Typical Baptist

When a Baptist* says “Lord’s Supper” he means “communion.” When she says “bread”, she means crackers.  When she says “wine” she means “grape juice.” When a Baptist says “contemporary” he means the church bought a keyboard.

I speak Baptist fluently—the result of 30 years on the inside.

But there’s a new phrase in the Baptist lexicon I’m not sure I understand; I’ve only been hearing it for the last few years on the road.  What does it mean when a Baptist says “We’re not a typical Baptist church?”

I heard this yesterday at First Baptist Fort Lauderdale – a beautiful urban church run by what seemed to me to be wonderful people: The same kind of place and people who cared for me when I was a kid in a Baptist Sunday school class, who shouldered by selfishness and bad fashion choices as a teen, and gathered around me eleven years ago when Becky and I said “I do.” What’s changed exactly?

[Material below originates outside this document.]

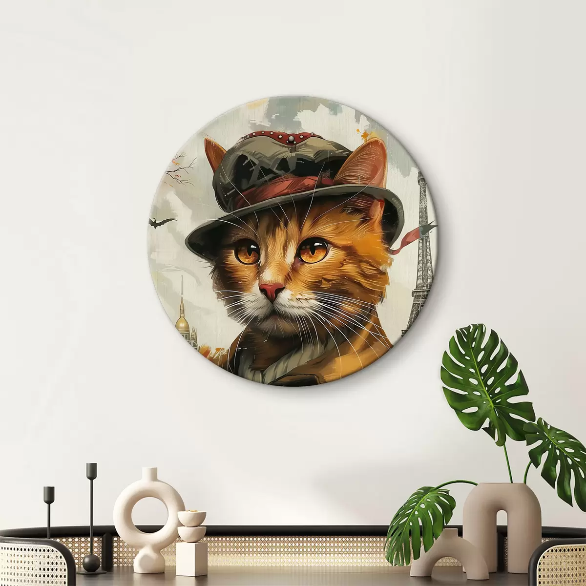 Tableaux rondes Chat avec chapeau et manteau Nr r37457

I hear this sentiment from many Baptist churches in some form or another.  While the show is being book we’re sometimes assured by the minister-acting-as-promoter that his church is “not you’re father’s Baptist church.” When we arrive, over dinner perhaps, a volunteer will say between bites of salad, “We’re not Baptist Baptist.”

But they always are.

They’re often reluctant to clap or move during my shows but yet they stand and applaud at the end and stick around afterward to shake my hand, hug my neck and douse me in kind words and sincere smiles.  There’s always a stage and seats and a guy called a pastor who uses words like “sin”, “grace”, “saved” and “Jesus.” Those crackers and grape juice get passed around the room – but not every week.  People make “public professions of faith” and then get baptized by going all the way under in a tank called the “baptistry” somewhere in the big room called the “sanctuary.” Friends and fried chicken are always in ample supply. Regardless of which state I’m in or which decade it is, these things never change.

So what does it mean to not be a “typical Baptist church” today?

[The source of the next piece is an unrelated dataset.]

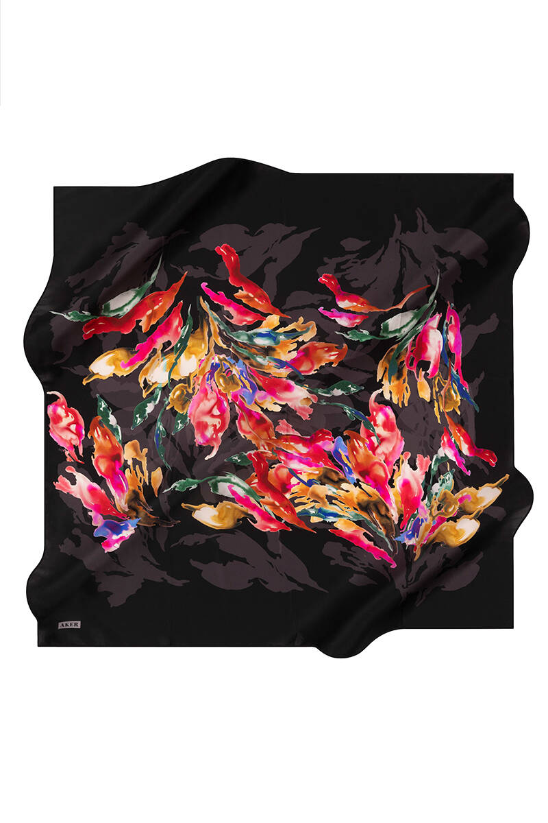 Çiçek Desenli 90X90 İpek Krep Saten Eşarp

My guess is that Baptists are ashamed of being Baptist – self-conscious and more than a little afraid of what you think they are.  My guess is when a Baptist says they’re not “typical,” they mean to tell you they’re not what you’ve heard or read in the news about them, that their pope and their denomination’s PR guys don’t speak for them – not all the time. 

When a Baptist tells me he’s not “typical” I wonder if what he’s really saying is this: I don’t hate gay people or Mickey Mouse or Ellen and that boycott was dumb and unproductive and most of us thought so.  I don’t wear a suit on Sunday.  I don’t even own one.  I don’t think it was a good idea to hold a press conference about the whole “women must submit” thing and it was extra unwise to make such a statement through a middle-aged man.  I don’t hate Democrats and I don’t fear evolution.  And I didn’t go to a Baptist college and I don’t think 9-11 was God’s wrath against sin and I don’t agree with almost everything else Jerry Falwell ever said.  Also, my church doesn’t have a pipe organ and we sing some songs that aren’t in a hymnal and I’m pretty OK with that.  And I like beer.  I also dance, sometimes, for just a second, in my car, while biting my lip.

Could it be that “we’re not typical Baptist” is just shorthand for “we’re embarrassed of and disagree with a lot of stuff our leaders have done and said in our name?” And if that’s true, if Baptists, with increasing frequency, are taking the name “Baptist” off their signs and greeting visitors like me with disclaimers and distancing themselves from their denomination’s official positions, what does that say about the quality of leadership in the denomination, the efficacy of that form of leadership, or whether they’re really leading anyone at all?

Thank you to First Baptist Fort Lauderdale for feeding me well, laughing loudly, attempting to clap, and releasing 14 kids from poverty.  Pretty typical stuff for a Baptist church.